Date: 2008-12-26 21:04:34
Message-ID: 15325.1230325474@sss.pgh.pa.us
Views: Raw Message | Whole Thread | Download mbox | Resend email
Thread:
Lists: pgsql-hackers

According to SQL2008 section 7.11 <window clause>, general rule 5, the
default definition of window framing in a window that has an ordering
clause but no framing (RANGE/ROWS) clause is that the window frame for
a given row R runs from the first row of its partition through the last
peer of R.

Section 6.10's general rules define the results of LEAD, LAG,
FIRST_VALUE, LAST_VALUE, NTH_VALUE in terms of the rows available in the
window frame of the current window, not its partition.

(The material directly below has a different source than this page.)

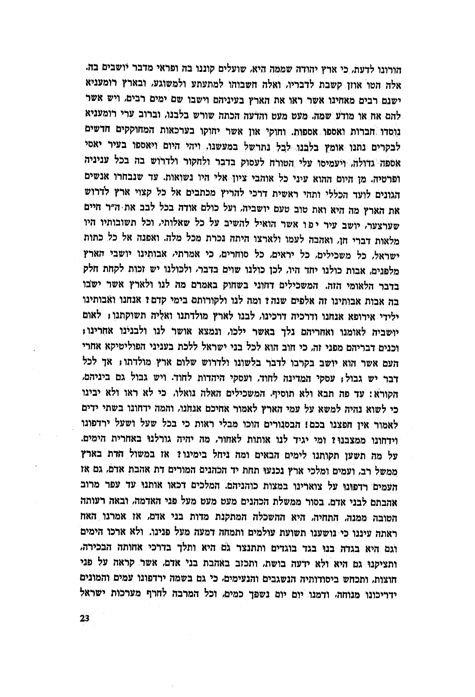 הורונו לדעת, כי ארץ יהודה שממה היא, שועלים קוננו בה ופראי מדבר יושבים בה. אלה הטו אוזן קשבת לדבריו, ואלה חשבוהו למתעתע ולמשוגע, ובארץ רומעניא ישנם רבים מאחינו אשר ראו את הארץ בעיניהם וישבו שם ימים רבים, ויש אשר להם אח או מודע שמה. מעט מעט והדעה הכתה שורש בלבנו, וברוב ערי רומעניא נוסדו חברות ואספו אספות. וחוקי און אשר יחוקו בערכאות המחוקקים חדשים לבקרים נתנו אומץ בלבנו לבל נתרשל במעשנו. ויהי היום ויאספו בעיר יאסי אספה גדולה, ויעמיסו עלי הטורח לעסוק בדבר ולחקור ולדרוש בה בכל עניניה ופרטיה. מן היום ההוא עיני כל אוהבי ציון אלי היו נשואות. עד שנבחרו אנשים הגונים לועד הכללי ותהי ראשית דרכי להריץ מכתבים אל כל קצוי ארץ לדרוש את הארץ מה היא ואת טוב טעם יושביה, ועל כולם אודה בכל לבב את ה״ר חיים שערצער, יושב עיר יפו אשר הואיל להשיב על כל שאלותי, וכל תשובותיו היו מלאות דברי חן, ואהבה לעמו ולארצו היתה נכרת מכל מלה. ואפנה אל כל כתות ישראל, כל משכילים, כל יראים, כל סוחרים, כי אמרתי, אבותינו יושבי הארץ מלפנים, אבות כולנו יחד היו, לכן כולנו שוים בדבר, ולכולנו יש זכות לקחת חלק בדבר הלאומי הזה. המשכילים דחוני בשחוק באמרם מה לנו ולארץ אשר ישבו בה אבות אבותינו זה אלפים שנה? ומה לנו ולקורותם בימי קדם? אנחנו ואבותינו ילידי אירופא אנחנו ודרכיה דרכינו, לבנו לארץ מולדתנו ואליה תשוקתנו; לאום יושביה לאומנו ואחריהם נלך באשר ילכו, ונמצא אושר לנו ולבנינו אחרינו; וכנים דבריהם מפני זה, כי חוב הוא לכל בני ישראל ללכת בעניני הפוליטיקא אחרי העם אשר הוא יושב בקרבו לדבר בלשונו ולדרוש שלום ארץ מולדתו; אך לכל דבר יש גבול; עסקי המדינה לחוד, ועסקי היהדות לחוד. ויש גבול גם ביניהם, הקורא: עד פה תבא ולא תוסיף. המשכילים האלה נואלו, כי לא ראו ולא יבינו כי לשוא נהיה למשא על עמי הארץ לאמור אחיכם אנחנו, והמה ידחונו בשתי ידים לאמור אין חפצנו בכם! הבסנורים הוכו מבלי ראות כי בכל שעל ושעל ירדפונו וידחונו ממצבנו? ומי יגיד לנו אותות לאחור, מה יהיה גורלנו באחרית הימים. על מה תשען תקותנו לימים הבאים ומה ניחל בימינו? אז במשול הדת בארץ ממשל רב, ועמים ומלכי ארץ נכנעו תחת יד הכהנים המורים דת אהבת אדם, גם אז העמים רדפונו על צוארינו במצות כוהניהם. המלכים דכאו אותנו עד עפר מרוב אהבתם לבני אדם. בסור ממשלת הכהנים מעט מעט מעל פני האדמה, ובאה רעותה הטובה ממנה, התחיה, היא ההשכלה המתקנת מדות בני אדם, אז אמרנו האח ראתה עיננו כי נושענו תשועת עולמים ותמחה דמעה מעל פנינו. ולא ארכו הימים וגם היא בגדה בנו בגד בוגדים ותתנצר גם היא ותלך בדרכי אחותה הבכירה, ותציקנו גם היא ולא ידעה בושת, ותכזב באהבת בני אדם, אשר קראה על פני חוצות, ותכחש ביסודותיה הנשגבים והנעימים, כי גם בשמה ירדפונו עמים והמונים ידריכונו מנוחה, ודמנו יום יום נשפך כמים, וכל המרבה לחרף מערכות ישראל

Meanwhile, section 6.10 <window function> syntax rule 6 says that
LEAD/LAG must use a window that has an ordering clause and no
framing clause.

This means that without an explicit framing clause, none of these
functions can "look beyond" the last peer of the current row; and
what's worse, LEAD/LAG seem to be explicitly forbidden from looking
further than that even if we had an implementation of framing clauses.

This seems to be less than sane. I would certainly expect that LEAD(x)
gives you the next value of x regardless of peer-row status, since
LAG(x) gives you the prior value of x regardless of peer row status.
It is also simply bizarre for FIRST_VALUE to give you the partition's
first row when LAST_VALUE doesn't give you the partition's last row.

Are there any errata for SQL2008 yet? Can anyone check the actual
behavior of DB2 or other DBMS's that claim to implement these functions?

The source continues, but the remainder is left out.